This is all going in the wrong direction.  Sprinking S-EPT callbacks all over the
TDP MMU leaks *more* TDX details into the MMU, and for all intents and purposes
does nothing in terms of encapsulating MMU details in the MMU.  E.g. the TDX code
has sanity checks all over the place to ensure the "right" API is called.

The bajillion callbacks also make this code extremely difficult to follow and
review.  It requires knowing exactly which TDP MMU paths are used for what
operations, and what paths are (allegedly) unreachable for mirror roots.  Adding
hooks at specific points is also brittle, because an unexpected update/change is
more likely to go unnoticed, at least until the system explodes.

There are really only two novel paths: atomic versus non-atomic writes.  An atomic
set_spte() can fail, and also needs special handling so that the entire operation
is atomic from KVM's point of view.

There's another outlier, removal of a non-leaf S-EPT page, that I think is worth
keeping separate, because I don't see a sane way of containing the TDX-Module's
ordering requirements to the TDX code.  Specifically, the TDX-Module requires that
leaf S-EPT entries be removed before the parent page table can be removed, whereas
KVM prefers to prune the page table and _then_ reap its children.

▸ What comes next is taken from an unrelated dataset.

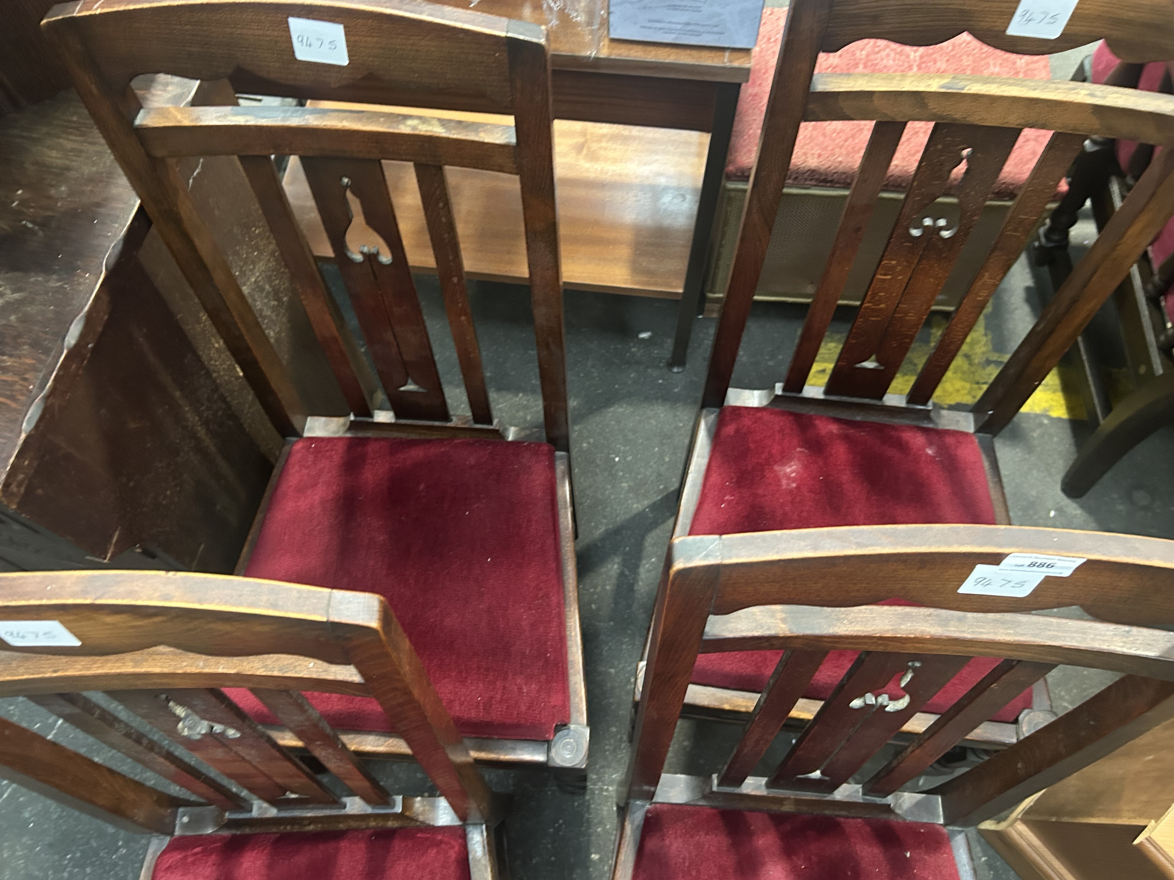 Lot 886: A set of four Arts and Crafts style oak dining chairs

We _could_ funnel that case into the non-atomic update, but it would either require
propagating the non-leaf removal to TDX after the call_rcu():

	call_rcu(&sp->rcu_head, tdp_mmu_free_sp_rcu_callback);

which is all kinds of gross, or it would require moving the call_rcu() invocation,
which obviously bleeds TDX details into the TDP MMU.  So I think it's work keeping
a dedicated hook for that case, but literally everything else can funnel into a
single callback, invoked from two locations: handle_changed_spte() and
__tdp_mmu_set_spte_atomic().

Then the TDX code is (quite simply, IMO):

static int tdx_sept_set_private_spte(struct kvm *kvm, gfn_t gfn, u64 old_spte,
				     u64 new_spte, enum pg_level level)
{
	if (is_shadow_present_pte(old_spte) && is_shadow_present_pte(new_spte))
		return tdx_sept_split_private_spte(kvm, gfn, old_spte, new_spte, level);
	else if (is_shadow_present_pte(old_spte))
		return tdx_sept_remove_private_spte(kvm, gfn, old_spte, level);

	if (KVM_BUG_ON(!is_shadow_present_pte(new_spte), kvm))
		return -EIO;

	if (!is_last_spte(new_spte, level))
		return tdx_sept_link_private_spt(kvm, gfn, new_spte, level);

	return tdx_sept_map_leaf_spte(kvm, gfn, new_spte, level);
}